Tech Giants Have a Few New Tricks for Stomping Startups

01_23_Revenge_01
General Electric employee Brian Kirk prepares a GEnx-747 jet engine for a test at the GE Aviation Peebles Test Operations Facility in Peebles, Ohio, Nov. 15, 2013. Matt Sullivan/Reuters

Call this: Revenge of the Suits.

In technology circles, everybody knows startups are da bomb. They're the disruptors, the innovators, the stuff of investor fantasies. We thank heaven entrepreneurs bless us with their zeal and lead the world into the future.

And what about the large, established tech companies like General Electric, IBM or LG? They're often perceived like the parents in a Peanuts TV special, with nothing important to say: "Wa-wa wa-wa-wa wa." They move like Mick Jagger—in his 70s. They're basically piñatas for the startups to whack.

But in this hyperconnected age, big companies are gaining an interesting new advantage. They have two things startups increasingly hunger for: data and time.

The data virtue was on display at the 2015 Consumer Electronics Show (CES), which just drew 160,000 attendees to Las Vegas. All around the floor, giants such as LG, Samsung, Sharp and Sony set up booths the size of Downton Abbey to show off their curved 4K TVs and bendable phones. Common to almost all of these crowd-pleasing products are recent breakthroughs in the technology of glass—breakthroughs that came out of Corning, a corporate giant born in 1851.

At Corning's modest booth, tucked toward the back of the CES floor near an Indian food cart, Senior Vice President Jeffrey Evenson talked about the company's approach to research and development. Corning invented fiber optics and the Gorilla Glass that covers most of our smartphones, so it already has a great store of data about glass chemical properties and manufacturing processes. But now Corning can arm factories and labs with swarms of networked sensors that constantly generate data about glass-making—data never before captured.

That data is now Corning's competitive advantage, feeding powerful computers that can model new glass compositions and predict how they'll perform, so the lab can experiment rapidly. A decade ago, almost all of Corning's R&D was aimed at 10 or 15 years out. Now, if a customer articulates a problem—like needing radically thinner glass for a TV the thickness of a magazine or a phone that can fold like a wallet—the computer models help Corning respond quickly. "That's why you're seeing such fast cycles in TVs," Evenson said. "We're doing fast R&D." The data makes it possible.

That conversation reminded me of one I had months earlier with Michael Idelchik, GE's vice president of advanced technology programs. GE builds jet engines for most of the airlines. These days, the engines are loaded with sensors that gather a terabyte of data on every flight. The data is getting so detailed, and the computer models of engines so good, GE can understand the different ways jets perform in cities that have different altitudes, pollutants, winds and so on.

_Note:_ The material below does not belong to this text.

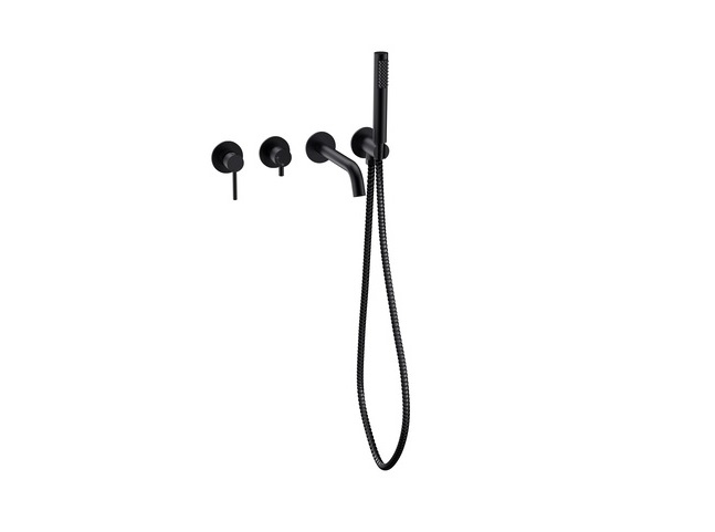 Змішувач для ванної кімнати Besco Veo настінний з душовим гарнітуром чорний матовий BW-V4P-CZ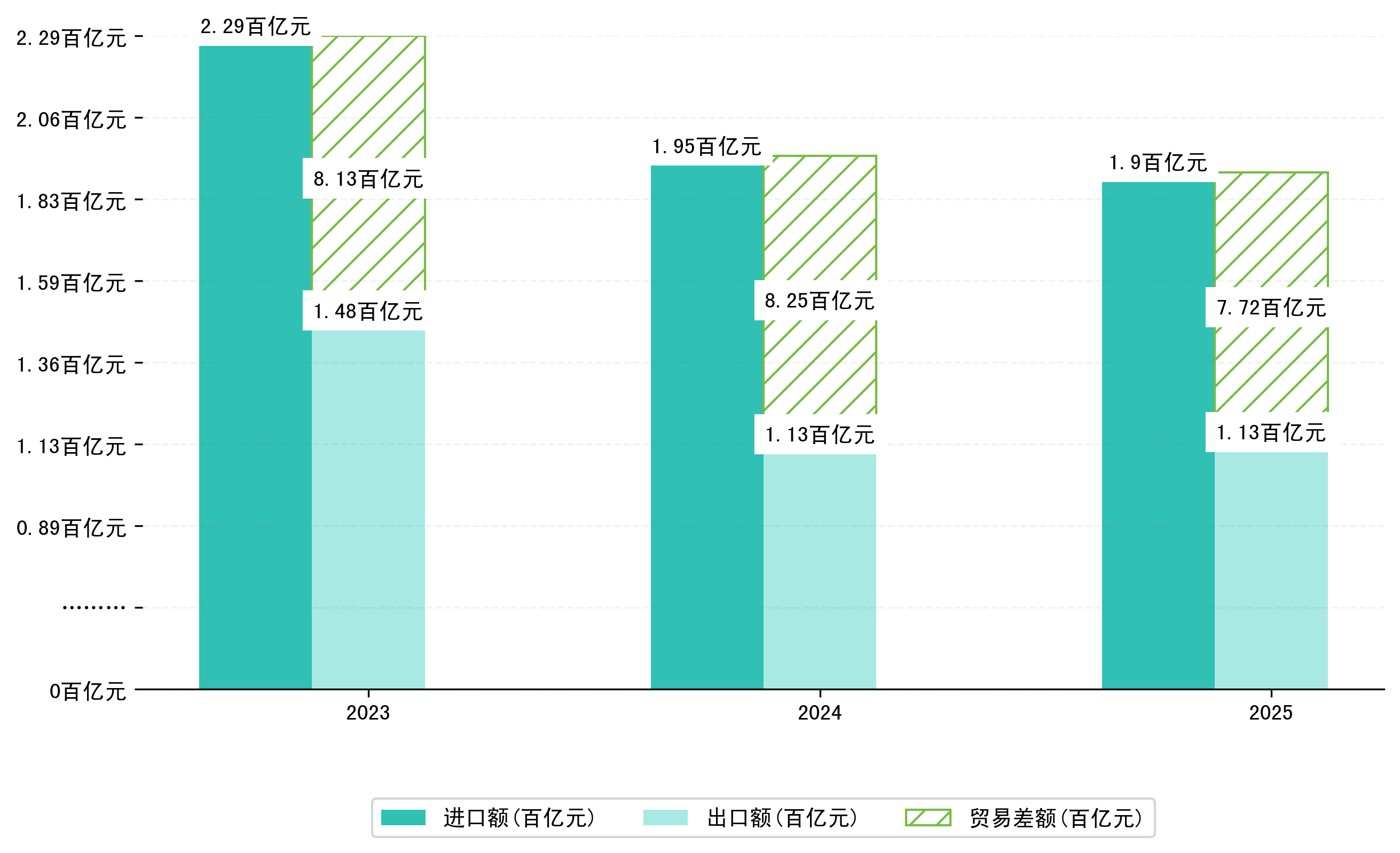 以人民币计,2025年1-3月日照市贸易差额为77,1714,3882万元(贸易逆差),相比上年同期增加了5,2965,3679万元,同比增加-6.42%。

The company then uses the computer models to constantly tweak engines and tune them based on the primary routes they fly. If a startup even dreamed of competing in jet engines, it would take decades to catch up to GE's trove of data and match the sophistication GE can build into the technology.

This same kind of thing is happening throughout industry. In the emerging Internet of Everything, smart companies are turning activity in the physical world into data, and they are turning that data into models that let them understand more and react faster than competitors. The best data wins. And a big retailer, airline, food company or steelmaker has more ways to collect better data than any upstart.

And what about time? Every kind of company has less of a time window than it used to, but startups now have to run like the Road-Runner on meth. A recent research project (which I helped write) looked at one measure of the pace for startups—called Time to Market Cap—and found that the speed at which a startup needs to grow is three times faster than it was just a dozen years ago. Startups have no time to develop deep, complex technology.

Yet society badly needs deep, complex technology. On January 14, IBM unveiled its latest System z mainframe computer, a monster of new technology that took five years to develop. Mainframes might seem dull as wire hangers compared with new stuff like Uber or Slack, but every major bank in the world relies on IBM mainframes, as do thousands of companies from Priceline to Kenya Power.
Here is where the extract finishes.